La Semaine Vétérinaire : A la suite de la parution de l’ordonnance sur l’acte vétérinaire, en janvier 2011, plusieurs professionnels attaquent la profession vétérinaire, arguant d’une situation de monopole. La dentisterie équine, la reproduction et l’ostéopathie font actuellement l’objet d’aspirations de la part de non-vétérinaires qui souhaitent être reconnus pour exercer ces activités. Quelle est votre analyse ?

Michel Baussier :
D'abord, il ne s'agit pas de professionnels puisqu'il ne s'agit pas de professions, mais d'activités exercées jusqu'à maintenant en toute illégalité, par des personnes aux compétences et aux statuts divers et variés. Ces dernières recherchent depuis plusieurs années une reconnaissance, sans pour autant l'avoir officiellement demandée, incapables qu'elles étaient d'offrir une représentation commune.

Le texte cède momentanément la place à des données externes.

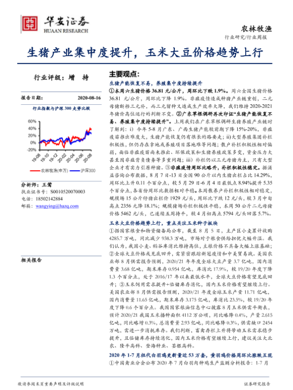 【华安证券】【20200816】20200816-华安证券-农林牧渔行业周报:生猪产业集中度提升,玉米大豆价格趋势上行-37页 行业研究

En déposant un recours contre l'ordonnance législative du 20 janvier 2011, elles ont fait le choix de prendre en otages les organisations professionnelles agricoles et vétérinaires qui avaient réalisé un accord, lequel a abouti à ladite ordonnance, pour faire entendre leur voix auprès de la représentation nationale et du gouvernement. A la demande de ce dernier, nous avons accepté, dans un délai bref, en coordination avec les organisations professionnelles vétérinaires concernées, notamment le SNVEL, de considérer le cas de ceux qui, dépourvus de tout titre de vétérinaire, se dénomment eux-mêmes dentistes équins, ainsi que de ceux qui pratiquent l'ostéopathie sur les animaux. Cela en contrepartie du retrait, sans autre condition, de leur recours contre l'ordonnance.
Il s'agit d'examiner dans quelles conditions de formation sérieuse et de diplôme reconnu par l'Etat certaines de ces innombrables personnes pourraient, demain, exercer légalement leur activité à côté des vétérinaires, voire sous leur autorité, dans le cadre d'un référentiel d'actes bien codifié. C'est le début d'un processus qui demandera forcément du temps. Il ne s'agit pas de créer de novo une population d'acteurs exerçant au détriment des confrères. Au contraire, cela aura plutôt pour effet de réduire la population existante, pour le bénéfice des meilleurs d'entre eux, des vétérinaires et, surtout, des propriétaires d'animaux.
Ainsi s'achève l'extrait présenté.